Musician takes life turn, finds herself in pulpit

Pastor: An invitation to a weekend seminary program when she was in college led Andrea Wiegand away from the arts and into her `calling,' the church.

October 11, 2002|By Rona S. Hirsch | Rona S. Hirsch,SPECIAL TO THE SUN

Ever since she was young, Andrea Wiegand wanted to be a musician. She played the flute in school bands and was a flute performance major at the prestigious North Carolina School of the Arts.

But after her freshman year, she was filled with doubt.

Although Wiegand switched colleges and majors, it was not until she was invited to a weekend seminary program that she discovered her calling. Now, eight years later, Wiegand is finding fulfillment as the new pastor of Lutheran Church of the Living Word at Oakland Mills Interfaith Center in Columbia.

"I pray through every decision I make," said Wiegand, 30, who lives in Silver Spring with her husband, Paul, a computer science doctoral student at George Mason University in Virginia. "I don't make decisions until I feel certain I make the right one. I made the right one."

3 years as associate

Wiegand was installed Sept. 29, becoming the fifth pastor of the 30-year-old congregation, which has nearly 100 members. She previously served for three years as associate pastor of First Lutheran Church in Ellicott City.

"She has a focus on spirituality and likes to get to know people individually," said the Rev. Mary Zurell, assistant to the bishop of the Delaware-Maryland Synod of the Evangelical Lutheran Church in America. "She is a very compassionate woman and just has a very easygoing personality. And she can enhance the church's contemporary music group."

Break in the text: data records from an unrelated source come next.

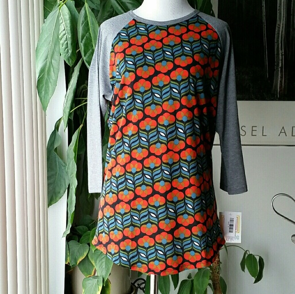 NWTS Lularoe Randy. Size Medium. Sporty baseball style top. Front and back are scooped on the bottom making it longer in the front and back. Black background with orange, teal and green floral print and 3^4 length grey sleeves. Fabric content is 96% polyester 4% spandex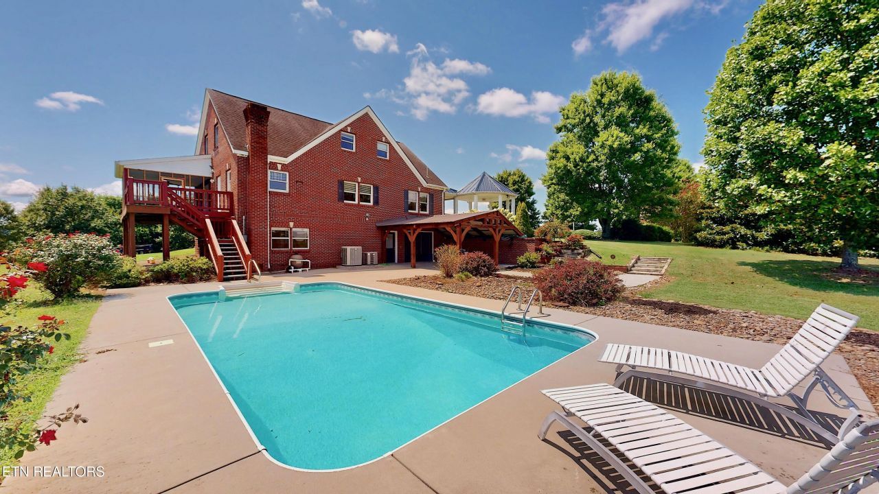 This beautiful brick home, perfectly situated on 3.2 acres, offers a blend of timeless charm and spacious comfort. Surrounded by peaceful countryside, it provides plenty of room for outdoor enjoyment while still being conveniently located to area amenities. The front porch with its warm and welcoming ambiance, invites you to sit and stay awhile. Step out back, where the screened-in porch and expansive deck overlook the sparkling inground pool-creating the perfect setting for outdoor entertaining at its finest.Inside, the main floor features a convenient laundry room just off the attached two-car garage, a large dining room and a spacious living room that flows seamlessly into the kitchen-creating the perfect setting for hosting family gatherings and entertaining friends.Just off the kitchen the master suite offers a peaceful retreat with double vanities, a walk-in closet and a spacious walk-in shower.If you travel upstairs, to the second floor, you'll find three generously sized bedrooms, each with its own private bath offering comfort and privacy for family or guests.On the walk-out basement level, there's an additional bedroom with its own private bath, a versatile game room, and a comfortable living area with an attached kitchen-perfect for extended stays or entertaining. Step right outside from this space to enjoy the pool, making it the ultimate hub for relaxation and fun.Detached from the main home is a workshop ideal for hobbies or projects, along with a large carport that can easily accommodate an oversized RV.With space, comfort, and amenities at every turn, this property offers the perfect bland of country charm and resort-style living.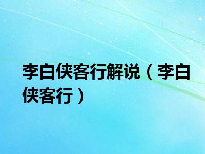 大家好,小陆来为大家解答以上的问题。李白侠客行解说,李白侠客行这个很多人还不知道,现在让我们一起来看看吧!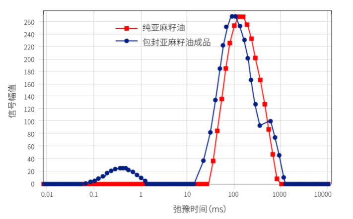 一份包封后的亚麻籽油成品,以及一份原料亚麻籽油(由苏州本地一家实验室购买,确保包封的亚麻籽油与原料亚麻籽油是同一批次)。通过低场核磁共振设备检测,其弛豫时间相关谱如下: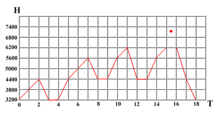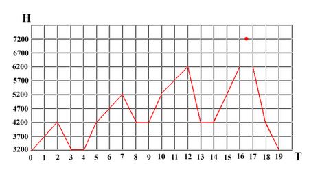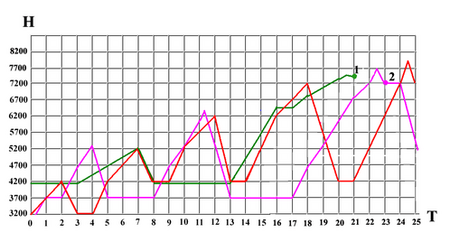 А теперь построим высотный график восхождения для команды альпинистов, приехавших на высоту 3200 и отдыхающих в базовом лагере на высоте 4200. При построении графика мы не будем учитывать ограничения со стороны рельефа и добавим на восстановление лишь по одному дню отдыха между выходами (это совсем не много).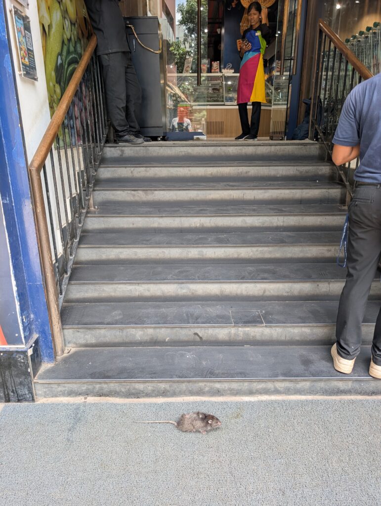 There really wasn’t much else for me to do in Juhu. I had walked a couple of the main streets and seen the beach. I certainly wasn’t going swimming there. If I remained in the public area, I would continually be bombarded and accosted by peddlers, touts, and beggars, so I decided to head back. I sweat plenty, so I did stop in at a market to buy a drink or two. The first one I encountered was a very posh, health food store. I couldn’t find anything affordable there, but it was nice and cool, and probably the cleanest looking building I had seen in the entire country of India. That impression was tinged a bit, though, as I left. As I walked down the ramp toward the street, a HUGE rat crossed my path initially, then seemed to want to go into the store. I saw exponentially more rats in Mumbai than any other place I had been on the trip. Even in upscale Juhu, at the nicest store in town, there were still rats!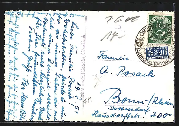 alte Ansichtskarte, gelaufen 1951, Eckknick li. oben, guter Zustand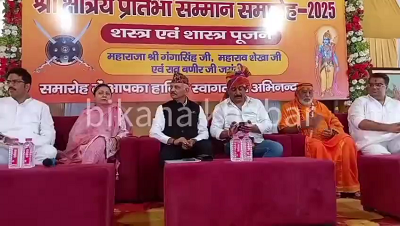 एंकर – बीकानेर में विजयदशमी के पर्व पर आज क्षत्रिय सभा की और से बीदासर हाउस में शस्त्र एवं शास्त्र पूजन का कार्यक्रम आयोजित किया गया। कार्यक्रम के मुख्य अतिथि…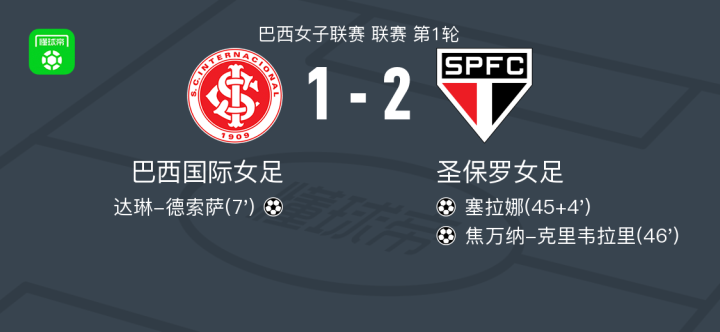 北京时间2月17日巴西女子联赛 联赛 第1轮,巴西国际女足主场对阵圣保罗女足。巴西国际女足达琳-德索萨破门。圣保罗女足塞拉娜破门,焦万纳-克里韦拉里破门。最终比分巴西国际女足 1-2 圣保罗女足。
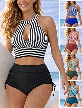 Mulheres Top de biquíni frente única Roupa de banho 2 Peças Riscas Lateral franzida Proteção UV Elástico Sem Manga Roupa de Banho roupa de banho Surfe Mergulho Natação Verão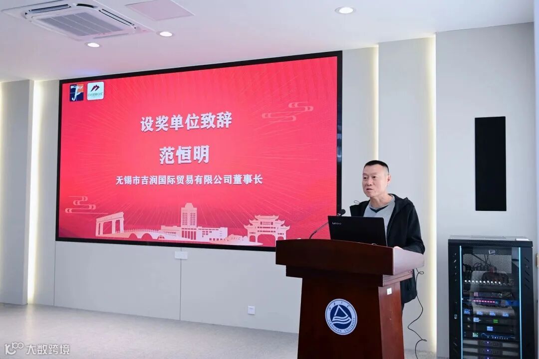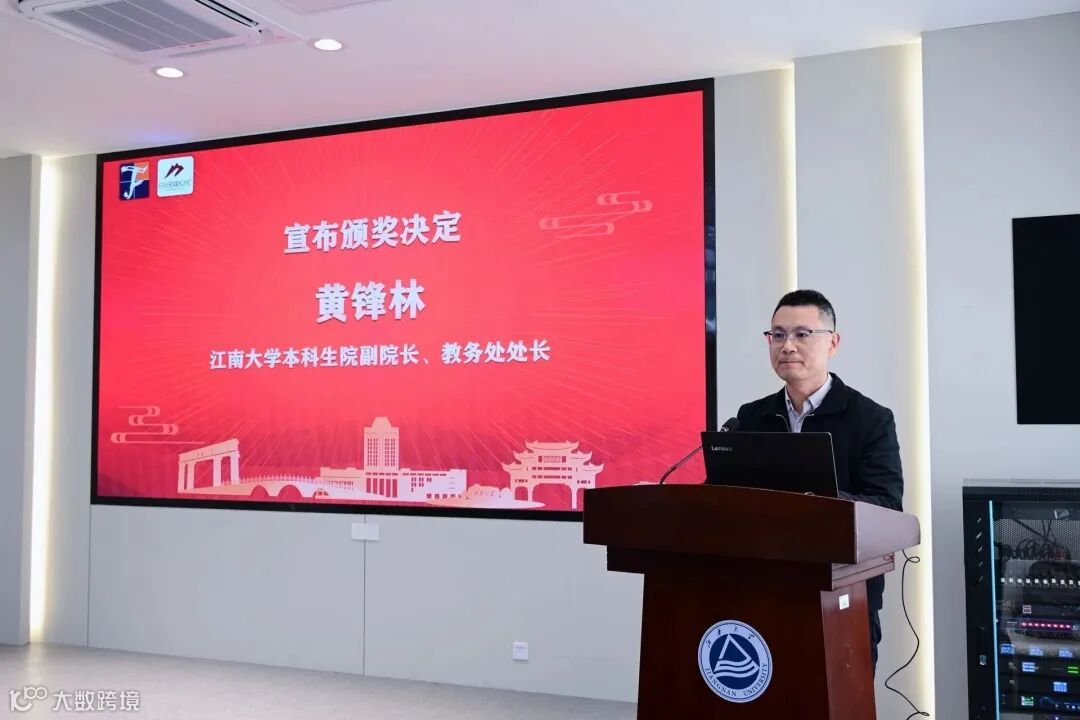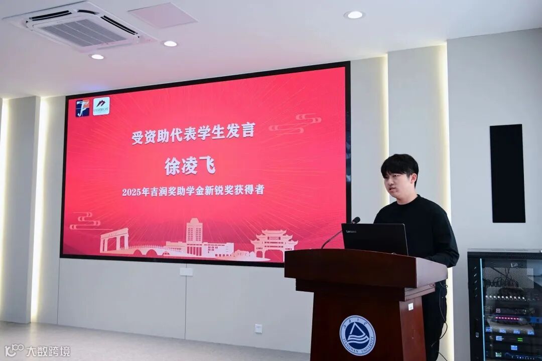 黄锋林宣读表彰决定。共同为获奖同学和团队颁发证书。2025年新锐奖获得者徐凌飞作为获奖学生代表发言,他首先感谢吉润国际的爱心捐赠,他表示,“吉润奖助学金”对他而言,是一份厚重的认可,更是一股持续前行的精神动力。他将始终怀揣感恩之心,脚踏实地、勇于探索,努力在专业领域有所建树。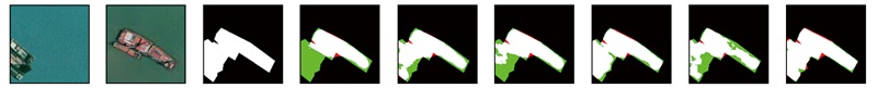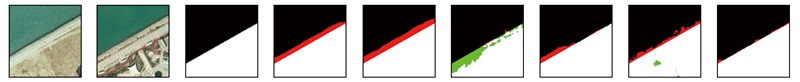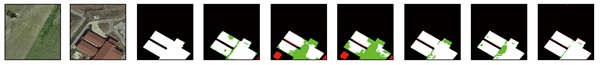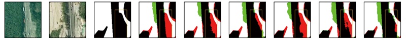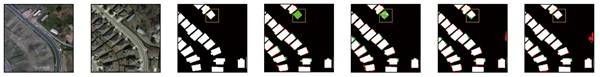 在表6的a中,对于有些海上轮船从有到无,有些海上轮船从无到有而产生的变化,除了FTUNet和BIT,其他方法都不能将其识别完整;与BIT相比,FTUNet识别出变化区域的边界更加准确。在表6的b中,对于道路扩建,可以看到除了FTUNet的识别结果较为完整,其他几个网络都有不同程度的漏检。在表6的c中,对于新建大型建筑物,虽然这6个网络都不能将建筑物完整的识别出来,但FTUNet识别的结果完整度是最高的,漏检最少。表6前3行显示了3种不同类型的变化,FTUNet都能比较完整地识别出变化区域。在表6的d和e中,对于道路扩建和新增小建筑物,在FTUNet识别出变化区域的边界更加准确,特别在表6的d中表现最明显,FTUNet能完整的识别出,但其他网络在变化区域边界处存在不同程度的误检或漏检。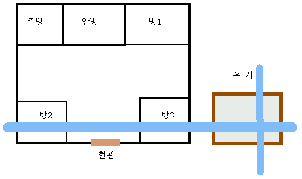 그리하여 탐사를 해본 결과 방2와 3으로는 큰 수맥이 한개 지나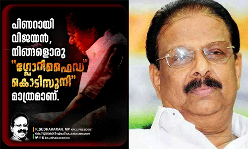 പിണറായി വിജയന്, നിങ്ങളൊരു 'ഗ്ലോറിഫൈഡ് കൊടി സുനി ' മാത്രമാണ്. മറ്റുള്ളവരുടെ കണ്ണീരും വിഷമവും കാണുമ്പോള് സന്തോഷം തോന്നുന്ന അപൂര്വം ക്രൂര ജന്മങ്ങളില് ഒന്ന്'. കെ സുധാകരന് കുറിച്ചു.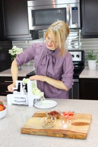 After three years of being raw I finally purchased a spiralizer. I don't know why I waited so long!! Spiralizers are perfect for making "noodles" out of zucchini and other squashes. Instead of a spiralizer, I used to just use a carrot peeler and manually slice "noodles." However, the spiralizer obviously makes for much better presentation and is actually way easier and faster too! Although it looks really complicated in this picture, it's actually really easy to use and this style is SUPER easy to clean. This is a fun gadget, but also something that I actually use all the time! Totally recommend it.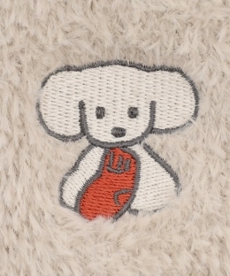 甲部分には靴下をくわえた、かわいらしいいぬのモチーフをワンポイントで刺繍しました。
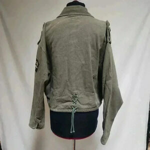 Ultra Pink Large Drab Green Military Inspired Jacket Corset Back Grunge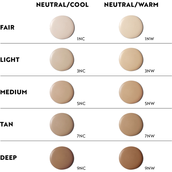 Erhältlich in 10 inklusiven Nuancen mit kühlen, warmen und neutralen Untertönen.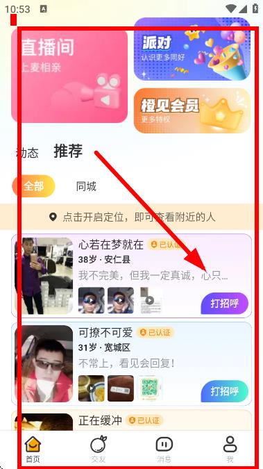 1、当我们进入首页的界面后,浏览【推荐】用户,点击打招呼的可发起互动,拓展社交关系。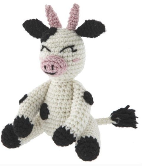 Zestaw do szydełkowania Krowa. Po zrobieniu maskotka ma wymiary 14 cm x 8 cm x 16 cm.
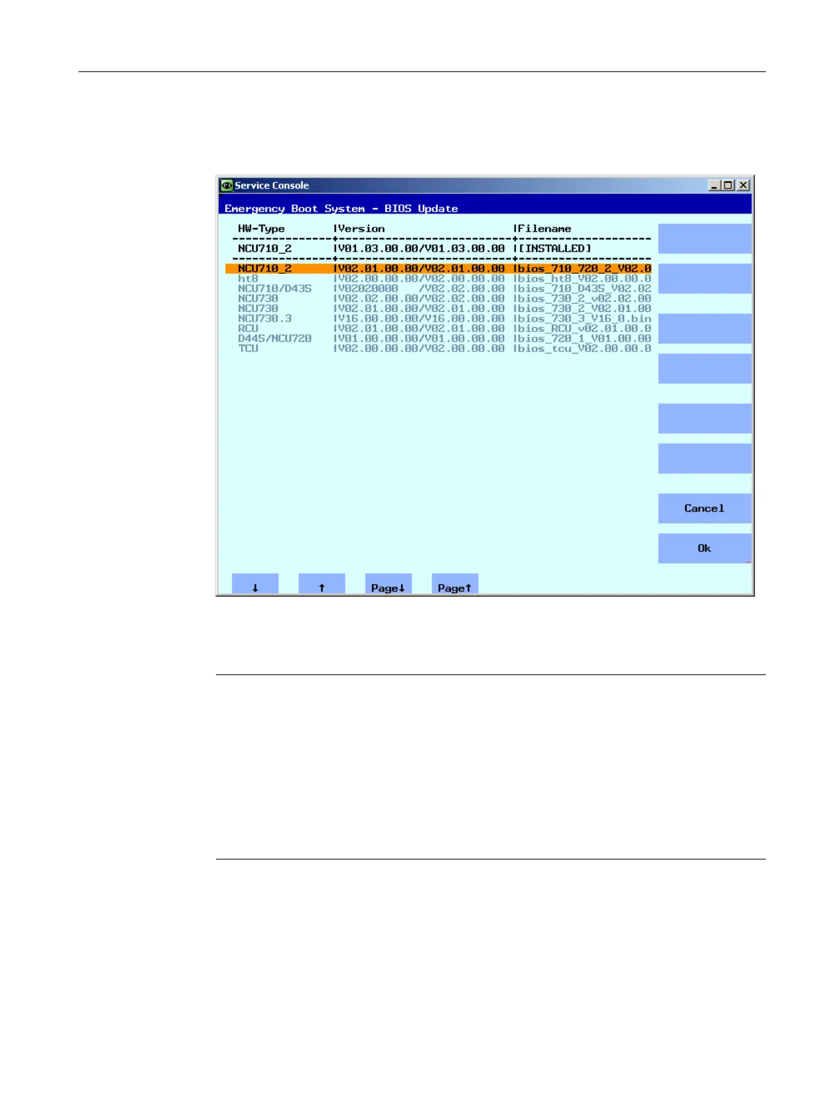 The firmware version installed on the NCU and the update files on the service system are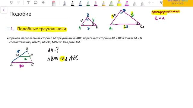 ЕГЭ математика БАЗА 2026. Задание 12. Подобие треугольников.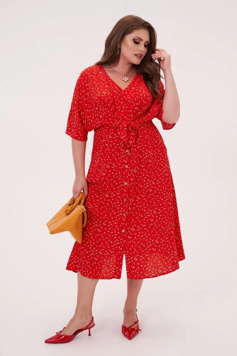 Красное платье с принтом и завышенной талией
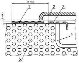 После испытания сальники и оболочки образцов не должны иметь повреждений, нарушающих требования настоящего стандарта. 20.4 Если испытательное усилие необходимо приложить к крышкам, накладкам или приводным элементам, выключатели устанавливают, как при нормальной эксплуатации. Выключатели скрытого типа закрепляют в подходящей монтажной коробке, которую устанавливают, как при нормальной эксплуатации, так, чтобы края коробки были утоплены в стенах, и оборудуют ее крышками, накладками и приводными элементами. Если ее снабжают запирающими устройствами, которые могут устанавливаться без помощи инструмента, эти коробки не запирают. Соответствие проверяют испытаниями по 20.4.1 и 20.4.2. 20.4.1 Проверка несъемных крышек, накладок или приводных элементов Усилия постепенно прикладывают в направлении, перпендикулярном монтажным поверхностям, чтобы в результате сила, действующая в центре крышек, накладок, приводных элементов или их частей составляла: 40 Н - для крышек, накладок, приводных элементов или их частей, соответствующих испытаниям 20.7 и 20.8; 80 Н - для других крышек, накладок и приводных элементов. Усилие прикладывают в течение 1 мин. Крышки, накладки или приводные элементы не должны приводить к выключению. Затем испытание повторяют на новых образцах, при этом крышки или накладки устанавливают на стене, подложив вокруг опорной рамы лист твердого материала толщиной (1 ± 0,1) мм, как показано на рисунке 19. Примечание - Лист твердого материала используют вместо обоев и он может состоять из нескольких кусков. После испытания образцы не должны иметь повреждений, приводящих к несоответствию настоящему стандарту. 20.4.2 Проверка съемных крышек, накладок или приводных элементов Усилие, не превышающее 120 Н, прикладывают постепенно в направлении, перпендикулярном монтажной/опорной поверхностям, к крышкам, накладкам, приводным элементам или их частям посредством крючка, прикладывая его к каждому из желобков, отверстий или аналогичных мест, предусмотренных для их снятия. Крышки, накладки или приводные элементы не должны приводить к выключению. Испытание проводят по 10 раз на каждой части, не зафиксированной винтами (точки приложения распределяют, насколько реально): движущее усилие прикладывают каждый раз к различным желобкам, отверстиям или подобным местам, предназначенным для снятия отдельных деталей. Затем испытание повторяют на новых образцах, при этом крышки или накладки устанавливают на стене, подложив вокруг опорной рамы лист твердого материала толщиной (1 ± 0,1) мм, как показано на рисунке 19. После испытания образцы не должны иметь повреждений, приводящих к несоответствию настоящему стандарту. 20.5 Испытание проводят согласно 20.4, но с приложением для проверок по 20.4.1 следующих усилий: 10 Н - для крышек или накладок, или приводных элементов с испытанием по 20.7 и 20.8; 20 Н - для других крышек или накладок, или приводных элементов. 20.6 Испытание проводят согласно 20.4, но с приложением для проверок по 20.4.1 усилия 10 Н для всех крышек, накладок или приводных элементов. 20.7 Калибром, соответствующим рисунку 20, нажимают на каждую сторону крышки, накладки или приводного элемента, которые устанавливают без винтов на монтажной или опорной поверхности, как показано на рисунке 21. При испытании калибр прикладывают к прямому углу каждой стороны поверхностью В, опираясь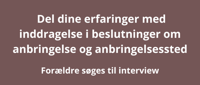 Er du forælder til et barn eller en ung, som er anbragt uden for hjemmet med samtykke? Så har du en vigtig viden, som nogle forskere gerne vil tale med dig om. Professionshøjskole Absalon og Københavns Professionshøjskole, som uddanner pædagoger…

Born in Webster City, Iowa, Wiegand was first captivated by music during sing-alongs with her mother, who plays guitar. After the family moved in 1983 to Rock Hill, S.C., Wiegand took up the flute in seventh grade. "I was going to be a professional musician - that's all I dreamed of," she said.

At home, she jammed to the Beatles and Jethro Tull. "I discovered my parents' old vinyl record albums," she said. "In one hand, I had the classic band music manual; and in the other, Jethro Tull albums. [Ian Anderson] did all kinds of weird things on a flute."

Growing up in Rock Hill

Wiegand, who grew up in the Evangelical Lutheran church in Rock Hill, was the only child in its music group. "The church and music have pretty much been intimately connected to me," she said. "The church helped me to enjoy playing even when I made mistakes."

But during a summer break from the North Carolina School of the Arts in Winston-Salem, Wiegand found her love of music wavering.

"It was a very exciting year, but something wasn't right," she said. "I started not to enjoy music and I loved music; it was such an important part of me. So I decided to change my dream. It was devastating, but I didn't want my love of music to die."

Wiegand transferred to Winthrop University in Rock Hill, graduating in 1993 with an English degree and an eye toward a communications career. But while working at her father's business office the next year, she received a postcard about a weekend program at the Lutheran Theological Southern Seminary in Columbia, S.C.

"As soon as I saw that the postcard was addressed to me, it was very powerful," she said. "On my second day of the program, it was clear God was calling me to the ministry."

After four years at the seminary, including a year internship at a Philadelphia church, Wiegand earned a master's degree. In 1999, the Evangelical Lutheran Church placed her in the Delaware-Maryland Synod at First Lutheran. "It's a good congregation and good place to grow in ministry and learn my gifts as a pastor," she said.

Living Word had enlisted substitute pastors since the resignation last year of the Rev. William Hayman from Living Word.

One Sunday, the congregation invited Wiegand to fill in. "I had met Pastor Wiegand at church meetings," said T. Milton Nelson, 15-year secretary of the church council. "Everyone liked her. Then we had her come back again and we were impressed again, and issued a formal `call.'"

Although Zurell, who matches pastors with congregations, said Wiegand "wasn't officially looking for a call," she contacted Wiegand "about the possibility that God's spirit might be leading her to this congregation."

Wiegand assumed the pulpit in mid-August.

"The congregation is very committed to worship services and church projects," she said. "Being at an interfaith center is also an opportunity to work with different faiths, and we're in a location for ever-increasing community outreach."

Music remains part of Wiegand's life. She performed her first flute recital in April at First Lutheran and plans to participate in Living Word's music group.

But her mission is to help congregants in their service to God. "I hope to work with the congregation in discovering ways they want to grow and how God is calling them, and to look at new ways to reach out to the community," she said. "It's exciting to be engaged in that process."